The Johnson Amendment Context
The Religious Liberty Commission's work does not exist in isolation. The same week the commission was established, the administration directed the Treasury Department and IRS to develop guidance on the Johnson Amendment — the 1954 law that prohibits tax-exempt organizations, including houses of worship, from making direct political endorsements. That guidance process followed a legal effort in federal court, National Religious Broadcasters v. Bessent, that sought to create an effective carve-out from the Johnson Amendment for religious organizations. The Texas federal court dismissed the case for lack of jurisdiction.
More than 1,800 nonprofit organizations filed opposition to that settlement. The question of when and how religious organizations may engage in partisan political activity — and whether the government can create preferential exemptions for religious groups from neutral laws that apply to all nonprofits — sits directly within the commission's analytical mandate.

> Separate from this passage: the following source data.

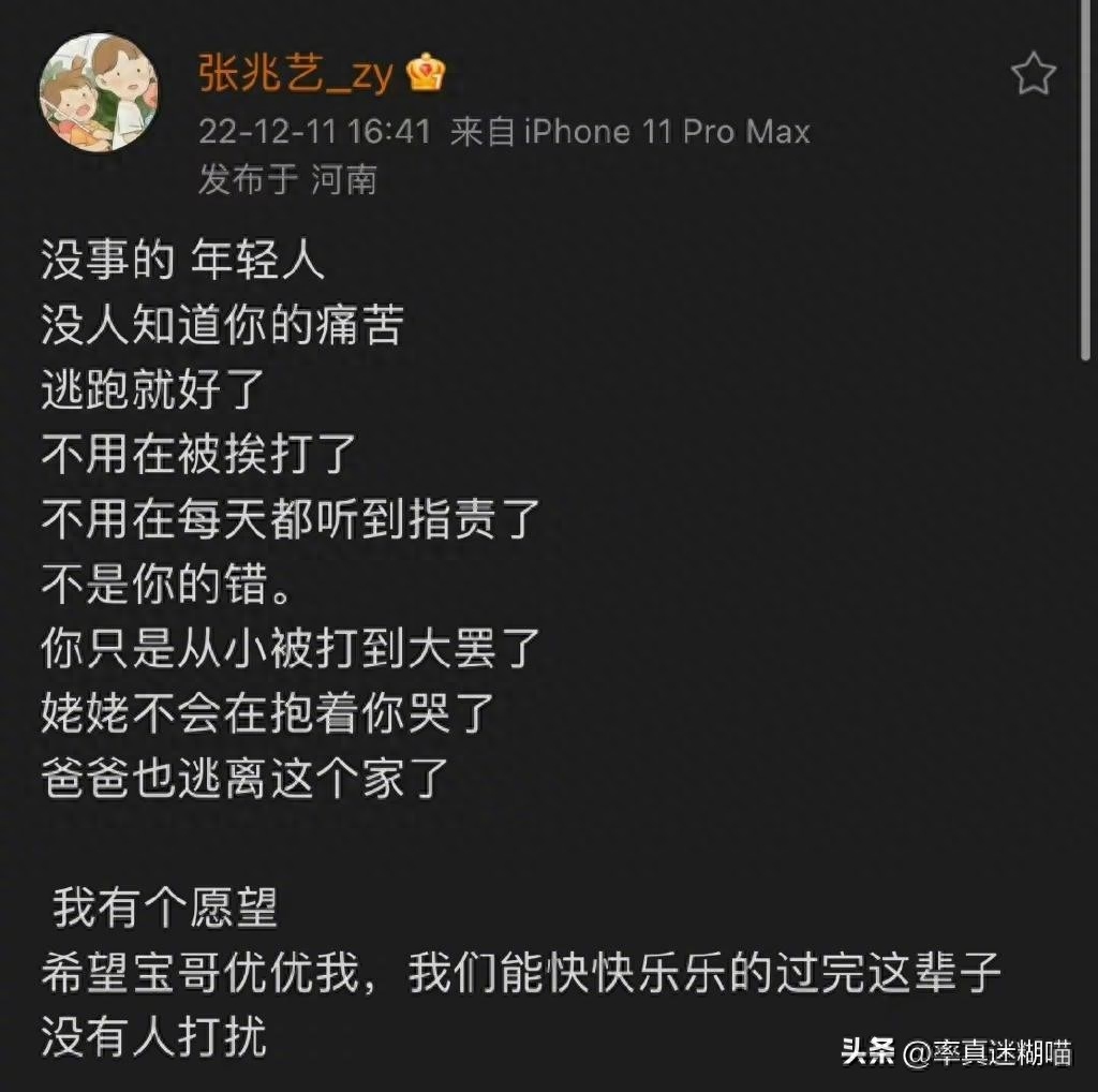 从配文中可以看出张兆艺从小就生活在指责中、家暴中度过,小时候还有姥姥护着,长大了姥姥去世了,爸爸也逃离了这个家,她表示自己也想逃走,但她始终逃不出妈妈的魔掌,即使现在嫁人生子。照片中可以看出张兆艺鼻头包裹着纱布,太让人很心疼!这么可爱的女孩子妈妈是怎么下得去手的。
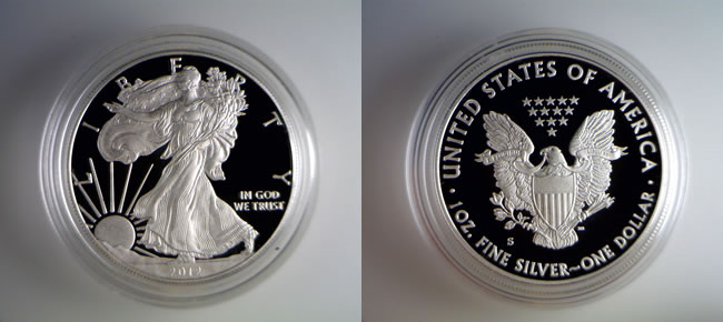 The 99.9% fine 2012-S Proof Silver Eagle, although unique for the year with its San Francisco ‘S’ mint mark, does not physically feature any anniversary elements. It was also placed within another set sold earlier this year, the 2012-S Silver Eagle Two-Coin Proof Set, which has tarnished at least some of its anniversary-intended appeal.
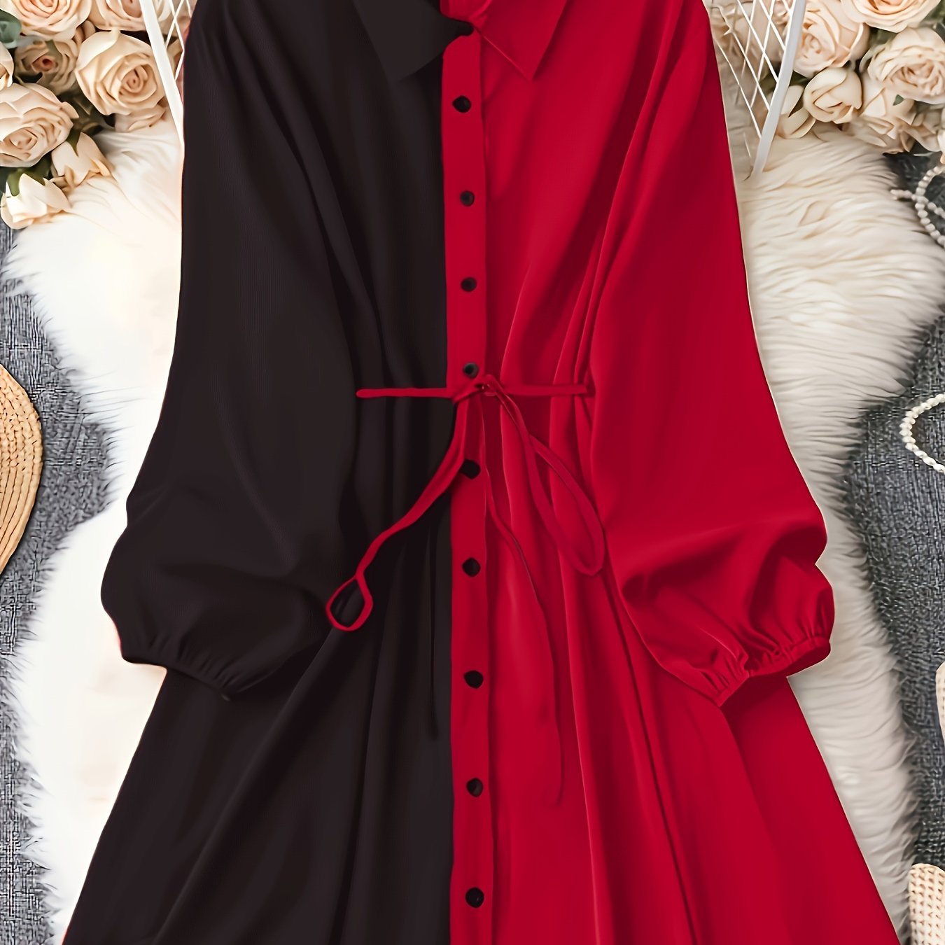 TEMU 플러스 사이즈 - 여름 여성용 플러스 사이즈 유니크 컬러 블록 드로스트링 허리 긴팔 셔츠 원피스
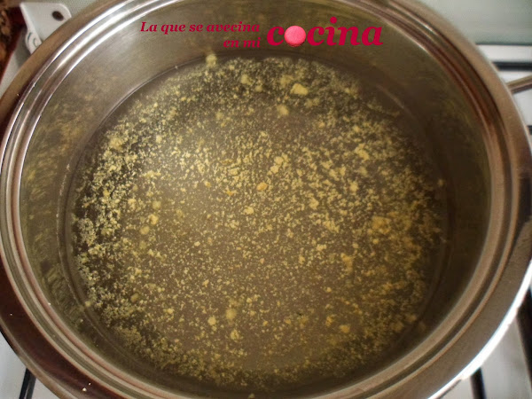 Ponemos a hervir agua con caldo de pollo.

A commission designed to answer those questions without input from the full spectrum of American religious life will not produce answers that serve that full spectrum.
What Accountability Looks Like
The Religious Liberty Commission is scheduled to expire on July 4, 2026, unless the president extends it. Before it produces its final report, the federal court in New York has the opportunity to require that the commission comply with the statute it has been violating — disclosing its records and, if the court finds the FACA balance requirement violated, reconstituting its membership to reflect the diversity of the country it is advising.
Congress can also act. The FACA oversight authority rests with congressional committees, which have the power to demand records from any advisory committee and to hold hearings on whether the commission has met its statutory obligations.
Religious liberty in America is strong when its protections are understood to belong equally to every American. A government commission that begins from the premise that only some Americans' religious traditions are worth protecting is not defending religious liberty. It is defining it — in ways that leave everyone else out.